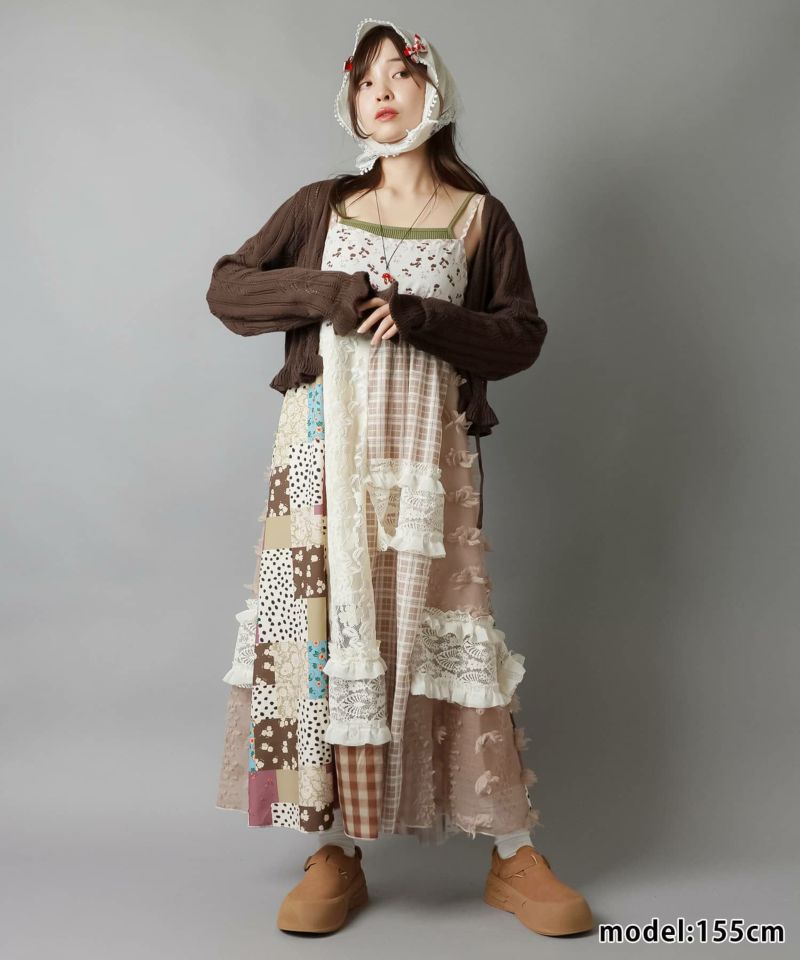 【レトロな雰囲気が可愛い!パッチワークロングキャミワンピ】
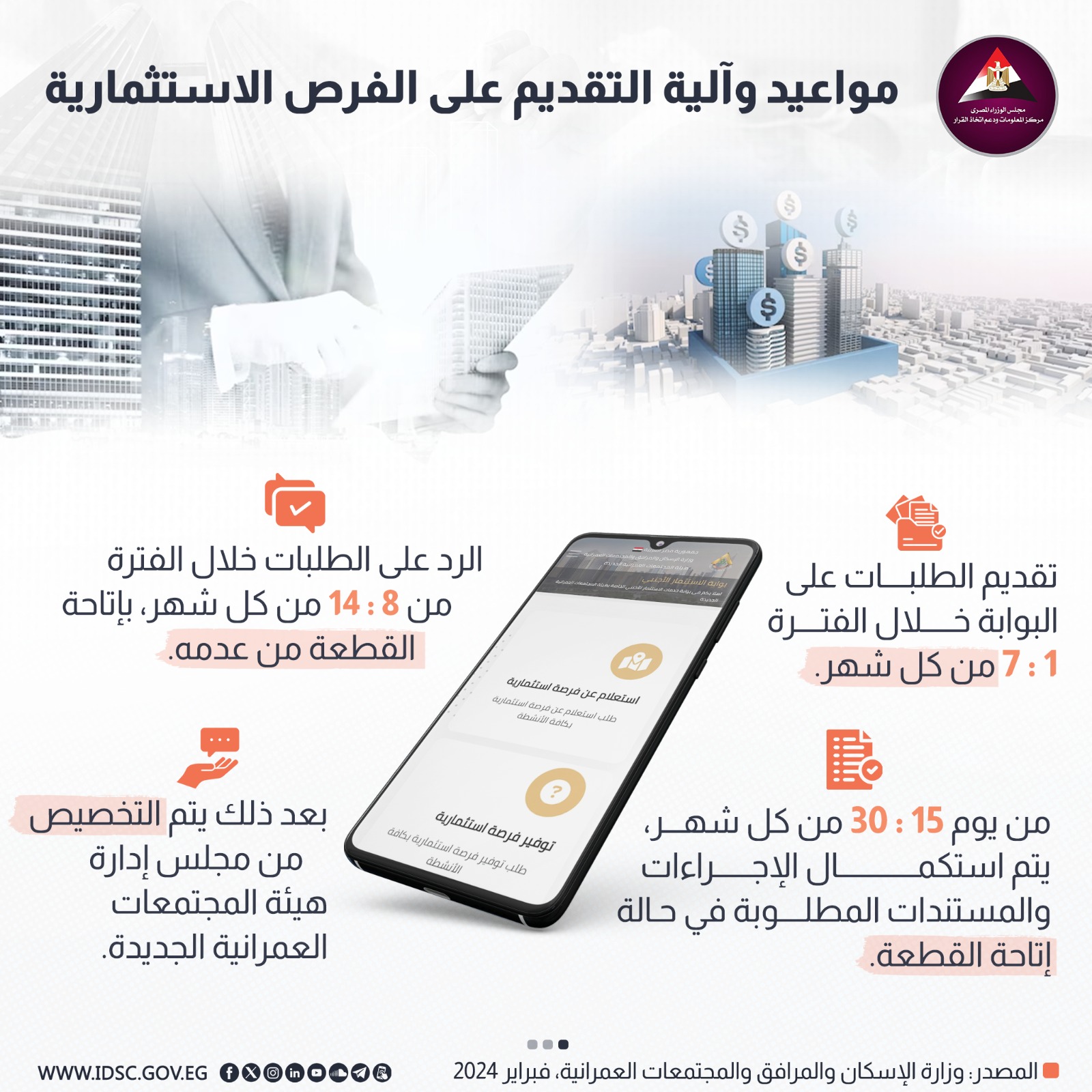 الدكتور وليد عباس، نائب رئيس هيئة المجتمعات العمرانية الجديدة لقطاع التخطيط والمشروعات - المشرف على مكتب وزير الإسكان، أشار إلى أنه بعد التسجيل، يتقدم المستثمر بطلب توفير فرصة استثمارية، فى حالة عدم معرفته بتفاصيل قطعة الأرض، أو التقدم بطلب استعلام فى حالة معرفته بتفاصيل قطعة الأرض، موضحًا أنه يتم تقديم الطلبات على البوابة خلال الفترة من يوم 1 إلى 7 من كل شهر، ويتم الرد عليها خلال الفترة من يوم 8 إلى 14 من كل شهر، بإتاحة القطعة من عدمه، ومن يوم 15 إلى 30 من كل شهر، يقوم المستثمر باستكمال الإجراءات والمستندات المطلوبة فى حالة إتاحة القطعة، وبعدها يتم التخصيص من مجلس إدارة هيئة المجتمعات العمرانية
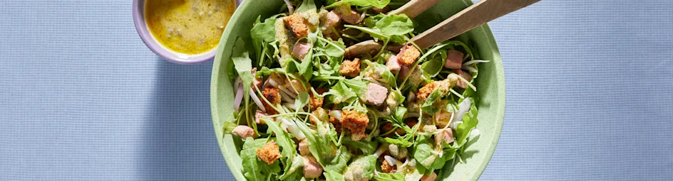Salade met rucola, honingpaté, kappertjesvinaigrette en koekcroutons
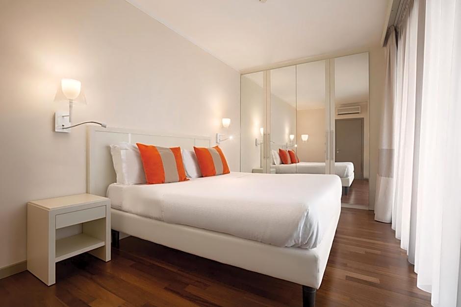 Ramada Plaza Milano offers a variety of rooms including Studios, Suites, and Standard Double or Twin Rooms. Rooms accommodate 2 adults and 1 child, with a Queen or Twin beds available. Smoking is not permitted in any of the rooms. Room sizes range from 248 sqft to 431 sqft.
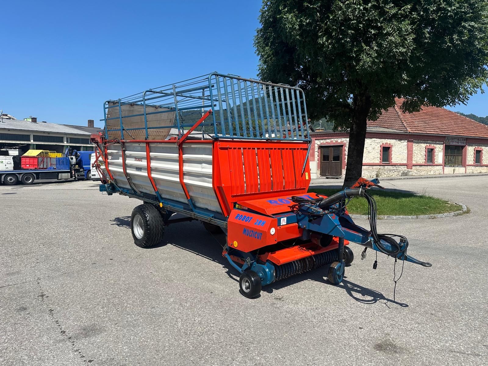 +Knickdeichsel +22. Messer +hyd. Kratzboden Der Trumag Robot 28 H ist ein Kurzschnitt-Ladewagen mit ca. 28 m³ Volumen, konzipiert als robuster Hoch- oder Tieflader für hügeliges Gelände. Er zeichnet sich durch ein geringes Eigengewicht, bis zu 22 Messer für sauberen Schnitt und eine hydraulisch höhen- und querpendelnde Pick-up aus.
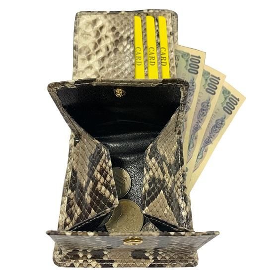 開運祈願 本革パイソン2つ折りボックス小銭入れ財布(3665)
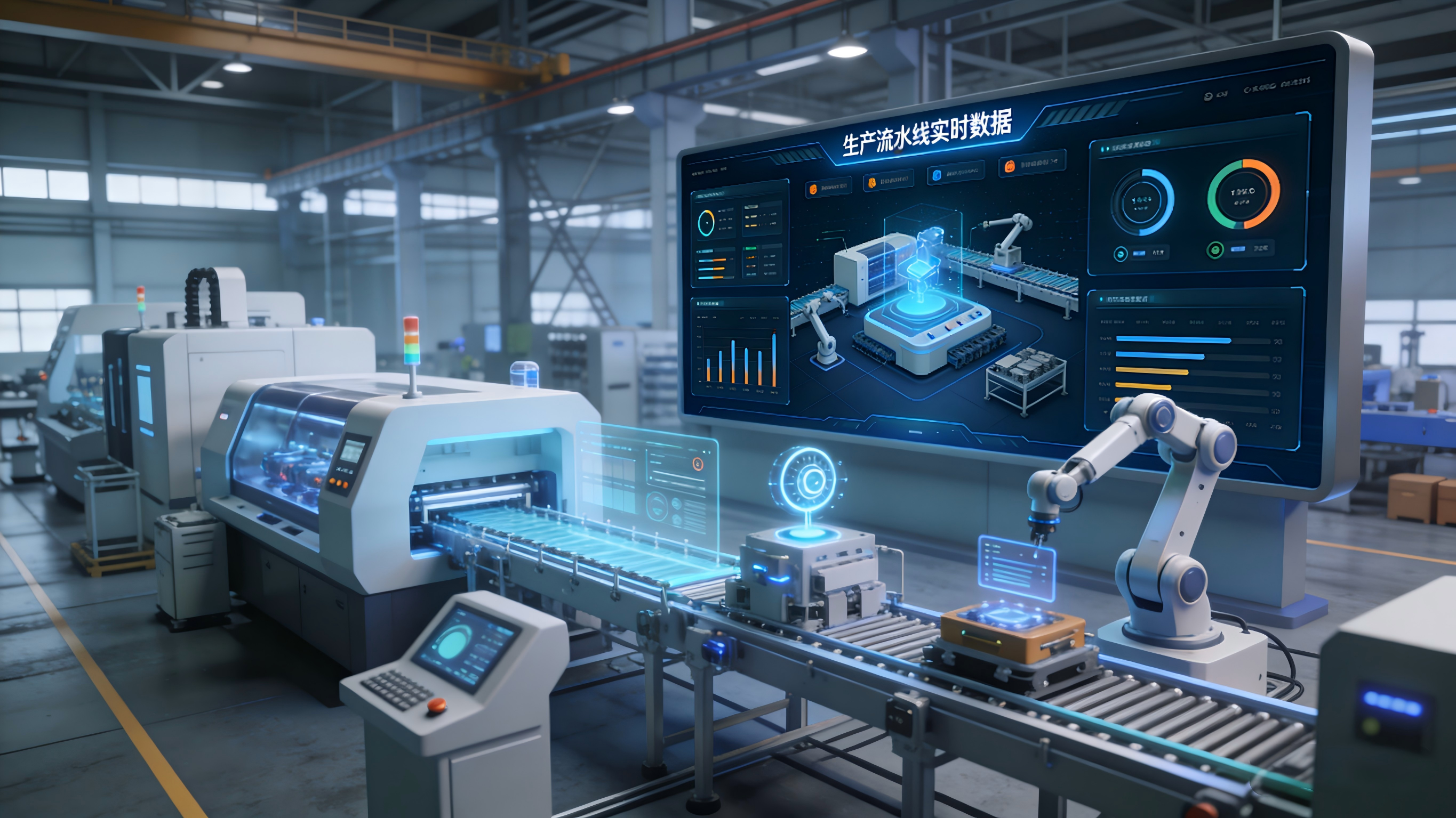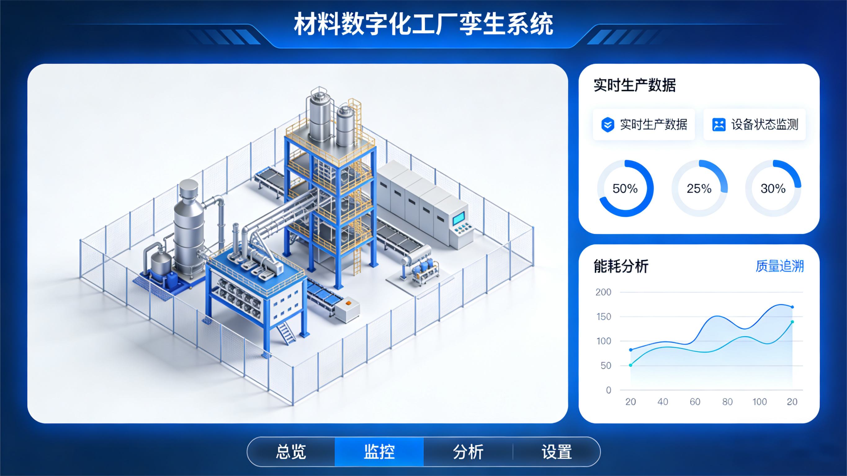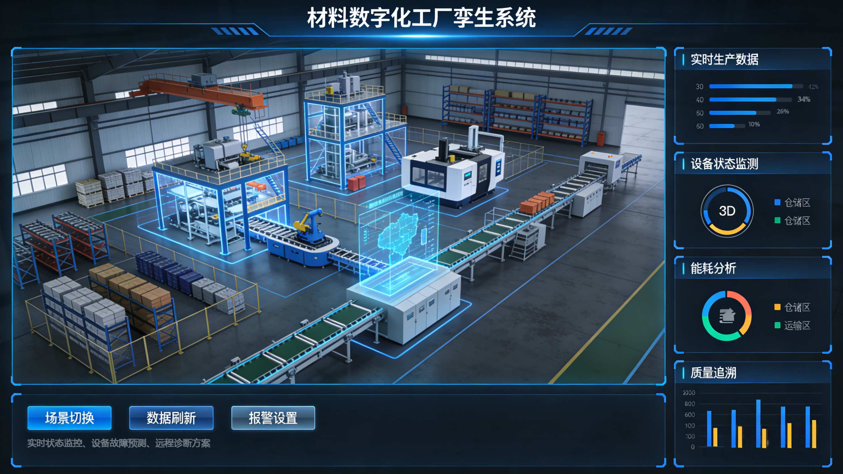 工业多源数据采集融合、高精度三维建模、实时虚实同步、物理仿真、AI 预测与工业闭环控制。
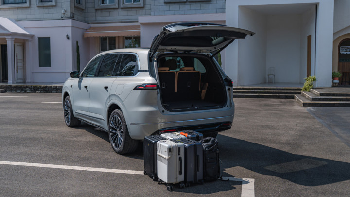 427L的容积即使在六座满员的情况下也能轻松容纳5个20寸行李箱,而后备箱隐藏盖板下还有44L的额外空间,恰好可以放下第六人的行李箱。这种设计细节体现了对深蓝S09对用户需求的洞察,不能说“六座满载结果只能有四个人的行李空间”。
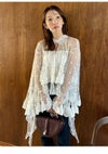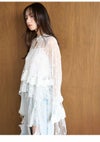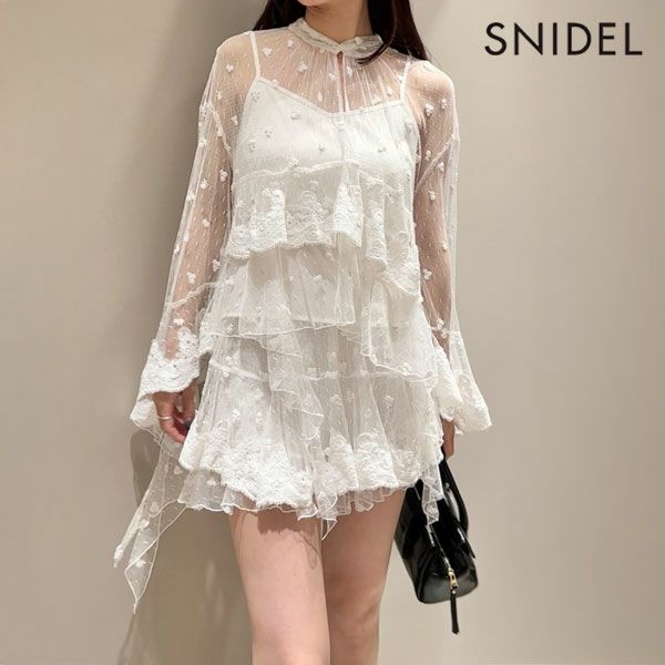 【SALE50%OFF】【即納】 スナイデル SNIDEL トップス 25秋冬 チュールエンブロイダリーレースブラウス ミドル丈 長袖 シアー 透け感 swfb255147
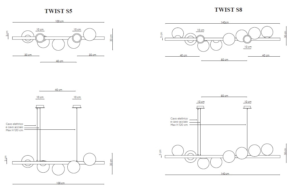 Подвесной светильник Twist RiflessiTwist, разработанный Riflessi, представляет собой подвесной светильник, изготовленный из окрашенных металлических трубок с сатинированной гальванической обработкой. Источником света служат лампы из матового белого стекла. Электрический кабель в соответствующей ткани, регулируемый по высоте макс. 120см. Доступен с 5 или 8 динамиками.
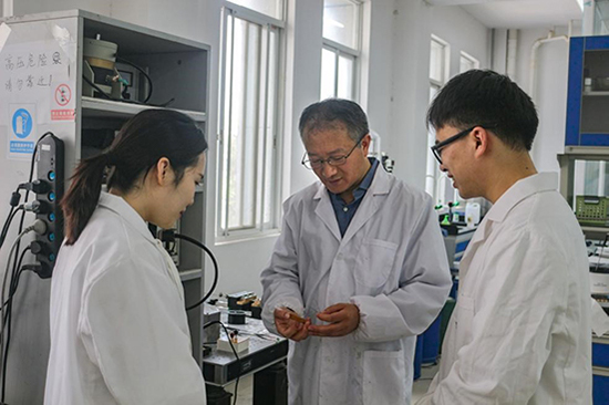 张斗的研究不仅与国际接轨,同时也聚焦地方实际。他基于湖南省丰富的铋、锑、铌等矿产资源,多年来致力于无铅压电陶瓷材料与器件应用研究,研制环保无污染的高性能钛酸铋钠基、铌酸钾钠基和铌酸铋钙基无铅压电陶瓷材料及器件,将湖南省资源优势转化为技术和产品优势,开发高附加值产品,推动无铅压电陶瓷的产业化。在国际上首次报道合成出具有菱方/四方准同型相界结构的钛酸铋钠-钛酸钡二维籽晶,制备可在-50~300℃宽温度范围内使用的钛酸铋钠基多层陶瓷电容器、发高压电系数铌酸钾钠基无铅压电陶瓷,并制备无铅微孔雾化片。该产品与湖南省美程陶瓷科技有限公司共同成功申报了工信部2021年产业链创新协同专项,进行呼吸机用人体友好型无铅压电陶瓷的中试生产。张斗还研制居里温度高达1000℃的铌酸铋钙基无铅压电陶瓷,获得2021年湖南创新型省份建设专项资助,开发高温无铅压电加速度传感器。他在无铅压电陶瓷领域的研究真正做到了推进产学研深度融合转化,服务地方经济发展。
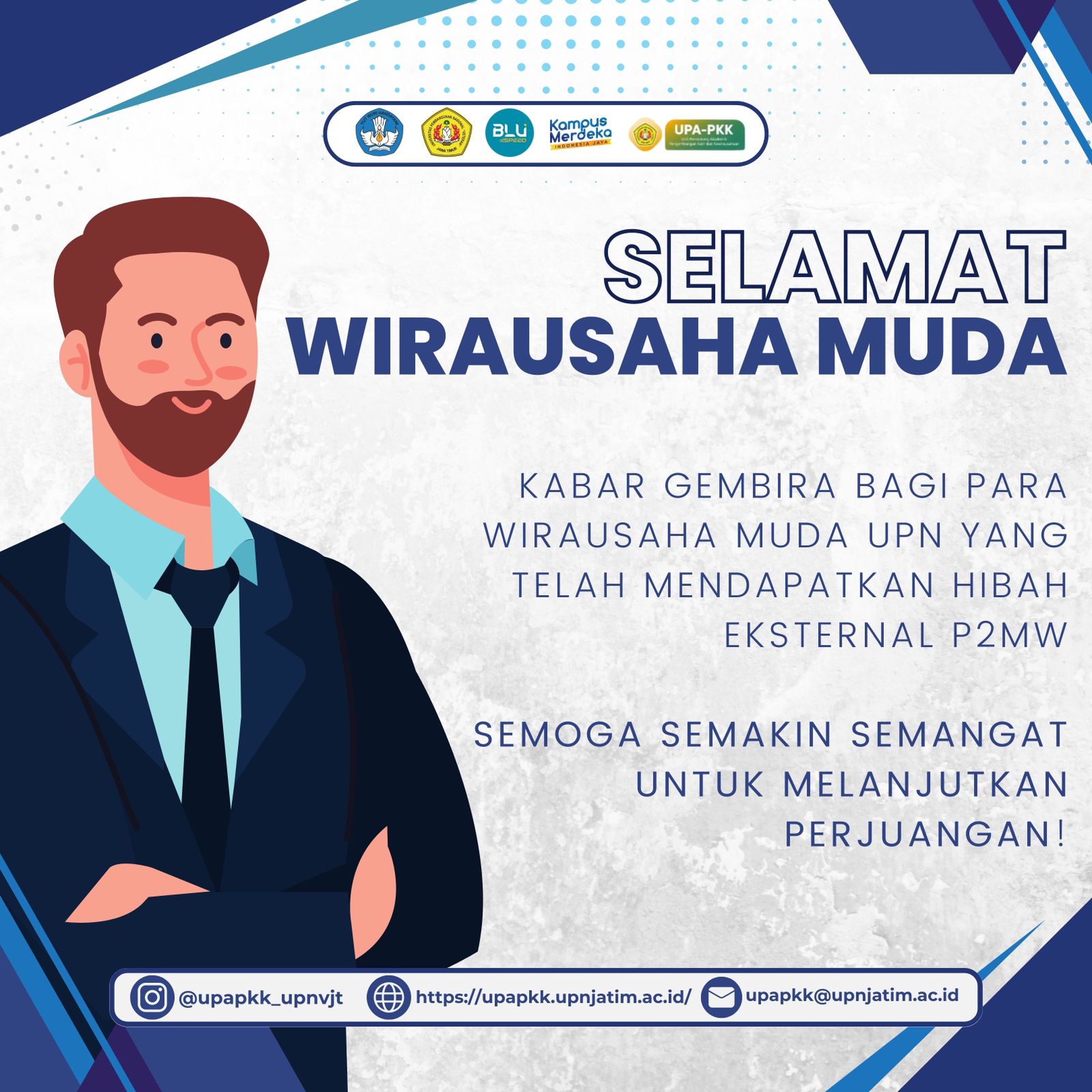 Salam Wirausaha Muda! Kabar gembira datang bagi para wirausaha muda di UPN "Veteran" Jawa Timur! Baru-baru ini, mereka telah berhasil meraih hibah eksternal P2MW (Program Pendanaan untuk Meningkatkan Wirausaha Muda). Keberhasilan ini patut disyukuri dan diapresiasi, serta diharapkan dapat menjadi pendorong semangat bagi para wirausaha muda untuk terus melangkah maju dalam perjuangan mereka. Selamat kepada para wirausaha muda UPN yang telah berhasil meraih hibah eksternal P2MW. Semoga keberhasilan ini menjadi langkah awal dalam perjalanan menuju kesuksesan yang lebih besar. Teruslah berinovasi, belajar dari pengalaman, dan berani menghadapi tantangan. Salam wirausaha muda! 1. Ketua Tim : Feri Ardiansyah Judul : Macpop Jenis : Makanan dan Minuman Pembimbing : Alfiandi Imam Mawardi, S. Hub, Int, MB 2. Ketua Tim : Faiz Umar Hadi Judul : ECOBUN INOVASI SABUN LERAK BERBENTUK TABLET SEBAGAI PEMBERSIH INOVATIF SUSTAINABLE 5.0 Jenis : Industri kreatif, seni, budaya, dan pariwisata Pembimbing : Alfiandi Imam Mawardi, S. Hub, Int, MB 3. Ketua Tim : Mohamad Danang Imam Danu Arta Judul : Cocotube Mushroom Solusi Kebutuhan Masyarakat Akan Jamur Tiram Berkualitas ditengah Keterbtasan Lahan Jenis : Budidaya Pembimbing : Egan Evanzha Yudha Amriel, S.Mn, MM. 4. Ketua Tim: Faiza Akmal Zaidaan (22082010178) Judul: FAZT CREATIVE Small and Medium Enterprise Creative Marketing Assistant Jenis: Jasa dan Perdagangan (Bertumbuh) Pembimbing: Arista Pratama, S.Kom, M.Kom 5. Ketua Tim: Adi Bimantoro Judul: “SARLING (Sabun Ramah Lingkungan) : Deterjen Serbaguna Eco-Friendly Berbahan Dasar Jelantah” Jenis : Manufaktur dan Teknologi Terapan Pembimbing: Ayundha Evanthi, SE, MM 6. Ketua Tim : Rendy Adetya Rahmatullah Judul : KIBO kios box portable Jenis : Manufaktur dan Teknologi Terapan Pembimbing : Nurkholish Majid, SE, MM 7. Ketua Tim : Putri Kurnia Sari Judul : GO GREEN CHOP Jenis : Industri kreatif, Seni, Budaya, dan Pariwisata Pembimbing : Putra Perdana, S.E., M.Sc. 8. Ketua Tim: Afif Ghani Zahran Judul: Trashcare Jenis: Bisnis Digital Pembimbing: Arista Pratama, S.Kom, M.Kom 9. Ketua Tim : Linda Oktafia Judul : BRISEKAS Jenis : Industri Kreatif Pembimbing : Arief Budiman, S.AB., M.AB. 10. Ketua Tim : Agung Pambudi Judul : Poya Latte Jenis : Makanan dan Minuman Pembimbing : Dra. Ec. Nurjanti Takarini, M.Si. 11. Ketua Tim : Rinjani Eko Putri Judul : Risa Bouquet Jenis : Jasa dan Perdagangan Pembimbing : Arief Budiman, S.AB.,M.AB. 12. Ketua Tim : Sail Hidayatullah Judul : Terrarium Jenis : Budidaya Pembimbing : Zumrotul Fitriyah, S.E., M.M
_ _ _ _
Your assignment
Both the line containing "Ramada Plaza Milano" and the line containing "Подвесной светильник Twist" above belong in the output, as do the lines between them. Print them exactly, without pictures.

Task solution
 Ramada Plaza Milano offers a variety of rooms including Studios, Suites, and Standard Double or Twin Rooms. Rooms accommodate 2 adults and 1 child, with a Queen or Twin beds available. Smoking is not permitted in any of the rooms. Room sizes range from 248 sqft to 431 sqft.
 +Knickdeichsel +22. Messer +hyd. Kratzboden Der Trumag Robot 28 H ist ein Kurzschnitt-Ladewagen mit ca. 28 m³ Volumen, konzipiert als robuster Hoch- oder Tieflader für hügeliges Gelände. Er zeichnet sich durch ein geringes Eigengewicht, bis zu 22 Messer für sauberen Schnitt und eine hydraulisch höhen- und querpendelnde Pick-up aus.
 開運祈願 本革パイソン2つ折りボックス小銭入れ財布(3665)
 工业多源数据采集融合、高精度三维建模、实时虚实同步、物理仿真、AI 预测与工业闭环控制。
 427L的容积即使在六座满员的情况下也能轻松容纳5个20寸行李箱,而后备箱隐藏盖板下还有44L的额外空间,恰好可以放下第六人的行李箱。这种设计细节体现了对深蓝S09对用户需求的洞察,不能说“六座满载结果只能有四个人的行李空间”。
 【SALE50%OFF】【即納】 スナイデル SNIDEL トップス 25秋冬 チュールエンブロイダリーレースブラウス ミドル丈 長袖 シアー 透け感 swfb255147
 Подвесной светильник Twist RiflessiTwist, разработанный Riflessi, представляет собой подвесной светильник, изготовленный из окрашенных металлических трубок с сатинированной гальванической обработкой. Источником света служат лампы из матового белого стекла. Электрический кабель в соответствующей ткани, регулируемый по высоте макс. 120см. Доступен с 5 или 8 динамиками.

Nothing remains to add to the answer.